I have not really lost anything. But in all reality, I have lost everything. I have lost everything. When i made the decision about a year and a half ago to follow Christ, my life was transformed completely. I was suddenly called to change. To live a new life. A life with love and purpose. A life shining with Christ. And to live this way and let all this in, i had to lose a lot. I lost my old way of thinking and reasoning. I lost my old angry and blaming attitude towards life and others. I lost my lying and deceiving. I lost friends. Drinking. Selfishness. Ignorance. Now this turning from my old ways didn't happen over night. It is a slow process, that is still happening...
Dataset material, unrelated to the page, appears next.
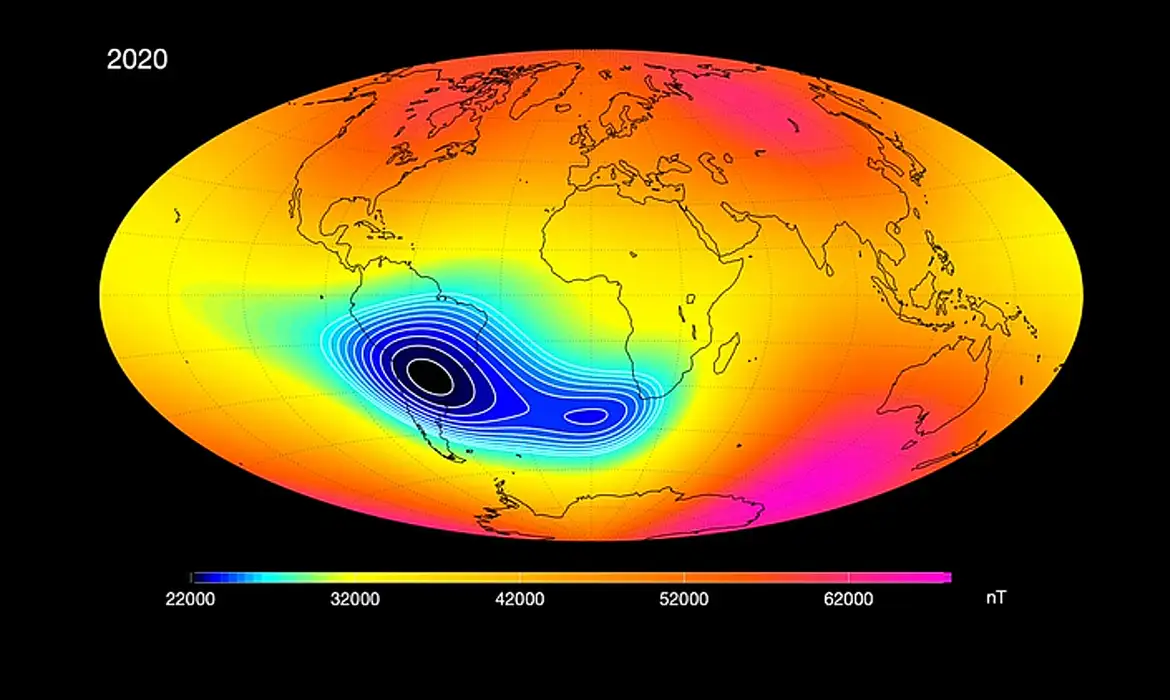 A Agência Espacial Americana (NASA) voltou a alertar sobre um fenômeno que vem se intensificando na América do Sul: a Anomalia Magnética do Atlântico Sul (AMAS). Essa é uma região onde o campo magnético da Terra apresenta menor intensidade, tornando a área mais exposta à radiação cósmica e às partículas solares.

And if your right hand causes you to sin, cut it off and throw it away. It is better for you to lose one part of your body than for your whole body to go into hell.  - Matthew 5:30


I began slowly cutting the bad stuff out of my life. There's still some there, and there always will be. But after all this "bad stuff" is gone, i am left almost completely empty. Which i suppose is where this feeling of losing something is coming from...See that is good, very good

Whoever finds his life will lose it, and whoever loses his life for my sake will find it.  - Matthew 10:39


I have lost my life in order to save it. But lately i have been discovering something that i know, but have been choosing to blatantly ignore. It hit me extra hard tonight at Leadership. It is this: Christ is the bread of life. If we are not filling ourselves with Christ, then we are running on empty, and spiritually starving. This "food" helps us to do other things, like love our friends and family, and pour into their lives. I'm tired of starving. I am so freakin' hungry it's not funny. God will fill me up, and i will overflow with His love. I just need to let him. It amazes me every day how truly awesome God is!

What have you guys lost recently, or even in the past? Are you letting Christ fill you up?